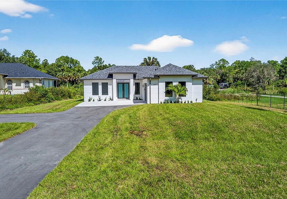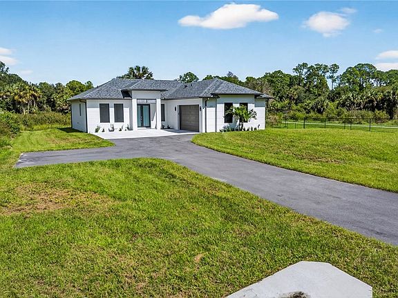 Move-In Ready! Beautiful, 3 bedroom plus den, new construction situated on an oversized 1.59 acre lot! This property offers tons of space for a pool, toys, pets, and it meets county requirements for a guest house! As you enter the house, you will notice the great attention to details and high quality, such as tall french doors, a lovely and airy living room with tile throughout the house, a fresh light colored 42" custom kitchen cabinets with quartz countertop, a waterfall island, beautiful light colored backsplash, soaring high tray ceilings, beautiful crown molding on main living area and master bedroom, 6" baseboards throughout, 8-ft doors, and a beautiful touch of modern with over the counter sinks and waterfall faucets in the bathrooms. Located in the rapidly growing Golden Gate Estates area, just a short driving distance from shops and supermarkets, and great Naples public schools makes this home the perfect investment for your family! **SELLER WILL CONTRIBUTE $10,000 TOWARDS BUYER'S CLOSING COSTS.**MLS pictures are a representation of house of same model, not actual property. CHECK OUT THE VIDEO WALKTHROUGH OF A SIMILAR MODEL HOUSE!
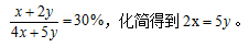 【答案】A【解析】本題已知音樂系男女人數(shù)比為1∶3,可以結合比例關系設音樂系男女人數(shù)分別為x和3x,同理,結合美術系男女生人數(shù)之比為2∶3,設美術系男女人數(shù)分別為2y和3y。由學院男生人數(shù)占總人數(shù)的30%可得等量關系
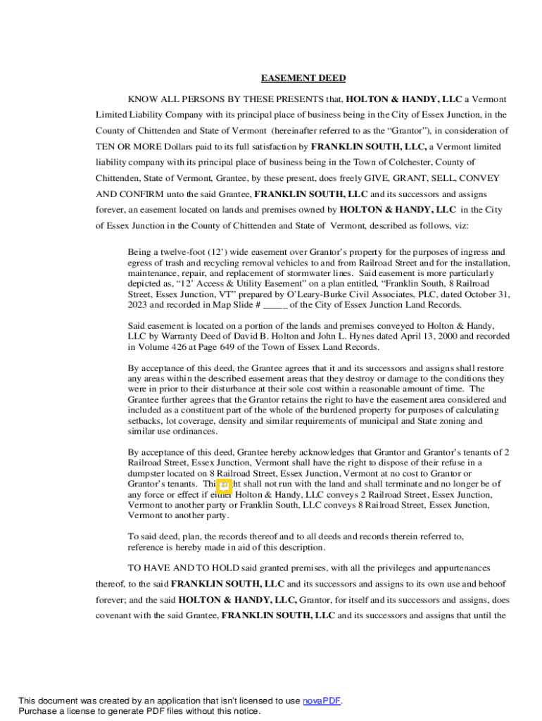 This easement deed grants Franklin South, LLC a 12\' wide access and utility easement for trash removal and stormwater maintenance in Essex Junction, Vermont.
........
→ The problem: Please retype the whole listing above exactly, without any of its images.

→ Solution to this problem:
 Move-In Ready! Beautiful, 3 bedroom plus den, new construction situated on an oversized 1.59 acre lot! This property offers tons of space for a pool, toys, pets, and it meets county requirements for a guest house! As you enter the house, you will notice the great attention to details and high quality, such as tall french doors, a lovely and airy living room with tile throughout the house, a fresh light colored 42" custom kitchen cabinets with quartz countertop, a waterfall island, beautiful light colored backsplash, soaring high tray ceilings, beautiful crown molding on main living area and master bedroom, 6" baseboards throughout, 8-ft doors, and a beautiful touch of modern with over the counter sinks and waterfall faucets in the bathrooms. Located in the rapidly growing Golden Gate Estates area, just a short driving distance from shops and supermarkets, and great Naples public schools makes this home the perfect investment for your family! **SELLER WILL CONTRIBUTE $10,000 TOWARDS BUYER'S CLOSING COSTS.**MLS pictures are a representation of house of same model, not actual property. CHECK OUT THE VIDEO WALKTHROUGH OF A SIMILAR MODEL HOUSE!
 【答案】A【解析】本題已知音樂系男女人數(shù)比為1∶3,可以結合比例關系設音樂系男女人數(shù)分別為x和3x,同理,結合美術系男女生人數(shù)之比為2∶3,設美術系男女人數(shù)分別為2y和3y。由學院男生人數(shù)占總人數(shù)的30%可得等量關系
 This easement deed grants Franklin South, LLC a 12\' wide access and utility easement for trash removal and stormwater maintenance in Essex Junction, Vermont.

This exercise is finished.